Şehir halkının çoğu terbiyeli ve nazik insanlardı
Lucas, şehirdeki yapılar ve harabeler dışında sosyal yapı ve gelenekler üzerinde Batı'yla kıyaslayıcı birtakım bilgiler de verir. Bu durumu Lucas şöyle anlatır: “Şehir halkının çoğu terbiyeli ve nazik insanlardı. Çoğu şişman olmalarına rağmen boylarının uzun olması onları bir yerde avantajlı kılarken, kadınlar ise Türkiye'deki diğer birçok kadına göre çekingendi.”

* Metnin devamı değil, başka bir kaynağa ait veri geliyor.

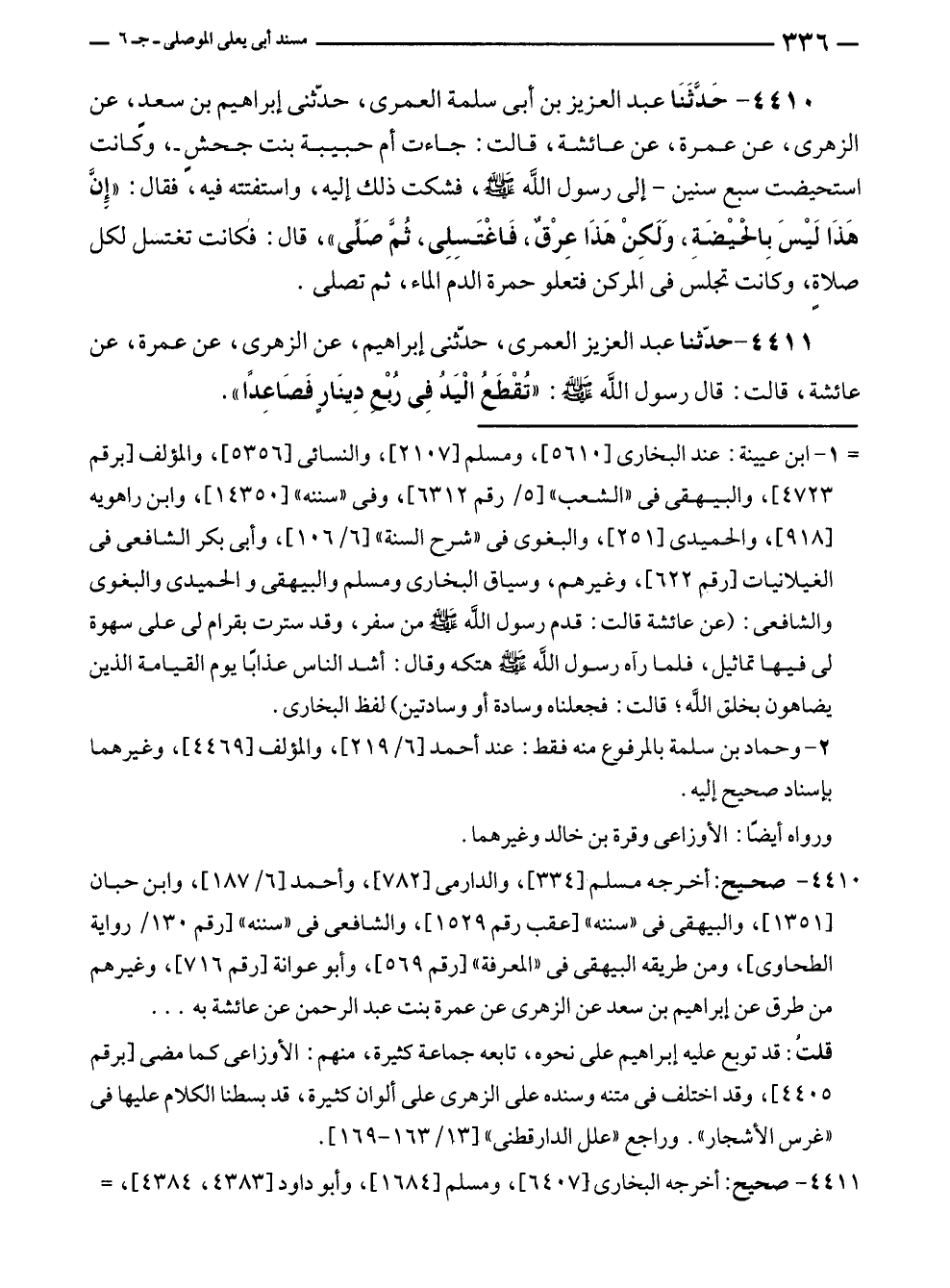 ٤٤١٠ - حَدَّثَنَا عبد العزيز بن أبى سلمة العمرى، حدّثنى إبراهيم بن سعدٍ، عن الزهرى، عن عمرة، عن عائشة، قالت: جاءت أم حبيبة بنت جحشٍ -، وكانت استحيضت سبع سنين - إلى رسول الله - صلى الله عليه وسلم -، فشكت ذلك إليه، واستفتته فيه، فقال: "إِنَّ هَذَا لَيْسَ بِالحيْضَةِ، وَلَكِنْ هَذَا عِرْقٌ، فَاغْتَسِلِى، ثُمَّ صَلِّى"، قال: فكانت تغتسل لكل صلاة، وكانت تجلس في المركن فتعلو حمرة الدم الماء، ثم تصلى.

Ayrıca Lucas'ın şehrin tam ortasında olduğunu belirttiği saray Osmanlı döneminde Paşa Sarayı olarak adlandırılan yönetim binasıdır. Bu saray günümüzde kentin Cumhuriyet Meydanı olarak adlandırılan bölümünün doğusunda yer alıyordu. Şehrin pazarlarının temizliği ve güzelliğinden bahseden Lucas, halkın terbiyeli ve nazik insanlar olduğunu özellikle vurguluyor.
Seyyah şehrin yakın çevresinde de birtakım incelemeler yapmıştır. Erciyes Dağı eteklerine geldiğinde bu dağın yüksekliği ve yılın dört mevsiminde tepesinde bulunan kardan etkilenen seyyah, dağın eteklerinde bulunan antik Mazaka kentinin (eski Kayseri) harabelerinden ayrıntılı olarak bahsediyor.